2. The Petitioner claims that he was later transferred to Kericho Prison where he was further detained for five days before he was arraigned at the Kericho Law Courts where the charge sheet was read to him and he learnt that he was charged with the offence of being in possession of an illegal firearm contrary to Section 4(1) of the Firearm Act. He was released on bond after 4 months and was later acquitted when the case was transferred to Nakuru.

3. The Petitioner further claims that on 7th November, 1993, he was arrested on his farm on allegations that together with others, they had raided Bahati Police Station and robbed two constables of their rifles. He was taken to the Nakuru Provincial Police Headquarters where he was tortured with physical beatings which resulted in him losing four of his teeth. He further claims that he was forced to sleep in a waterlogged cell and was detained for 3 months after which he was released without any charges being preferred against him.

4. He claims that his right to protection of his right to personal liberty and protection against inhumane treatment was breached and that during his detention he lost 2,500 chickens.

5. In his Petition dated 17th April, 2013,  the Petitioner seeks the following orders:-

(i) A declaration that his constitutional rights aforesaid were infringed.

(ii) General damages for breach of his fundamental rights and freedoms.

(iii) General damages for the loss of his 2,500 chicken.

(iv) Costs of this Petition.

The Respondent opposed the Petition through grounds of opposition dated 20th November, 2014 as hereunder:-

(i) The Petition is fatally and incurably defective.

(ii) The application is bad in law and an abuse of the court process.

(iii) The Petitioner has failed to lay a basis for the claim.
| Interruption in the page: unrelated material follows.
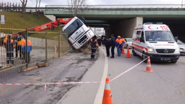 İstanbul Kadıköy'de İstanbul Büyükşehir Belediyesine (İBB) ait vinç ağırlığa dayanamayarak devrildi. Vincin otoyol yerine yol kenarına devrilmesi faciayı önlerken, yayalar ise çıkan gürültüyle büyük panik yaşadı. Kadıköy Uzunçayır metrobüs durağında öğle saatlerinde faciadan dönüldü. Yol kenarındaki demir bariyerleri kaldırmak için metrobüs durağına gelen İBB'ye ait vinç yüklediği ağırlığı taşıyamadı. Vinç devrilerek yol kenarına düştü. Vincin otoyola devrilmemesi büyük bir faciayı önledi. Bu sırada metrobüs durağında yaya olarak giden vatandaşlar vincin devrilmesi sırasında çıkan gürültü nedeniyle büyük panik yaşadı. Öte yandan, vincin kaldırılması sırasında yoğun trafik oluştu.(Murat Solak/İHA)
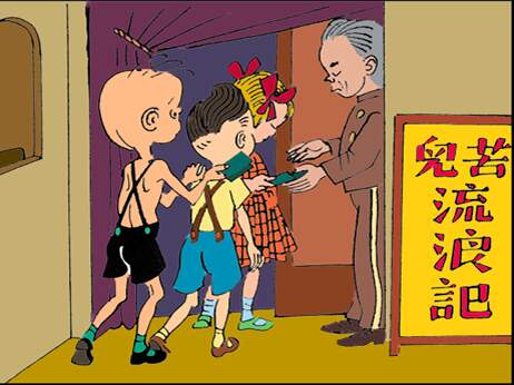 三毛和小弟好不容易找到一个空子, 才从汽车长队里穿过

(iv) The application lacks merit.

Petitioner’s case

6. The Petitioner filed a sworn affidavit and also testified under oath. The Petitioner averred in his Affidavit and in court that in the year 1992 the police came to his home carried out a search where they found nothing but they proceeded and arrested him. He was accused by the police of having a firearm which he denied and was taken to the CID for 2 days where he was assaulted. He was later transferred to Menegai Police Station where he was held for 9 days and thereafter he was transferred to Kericho Prison and placed in remand.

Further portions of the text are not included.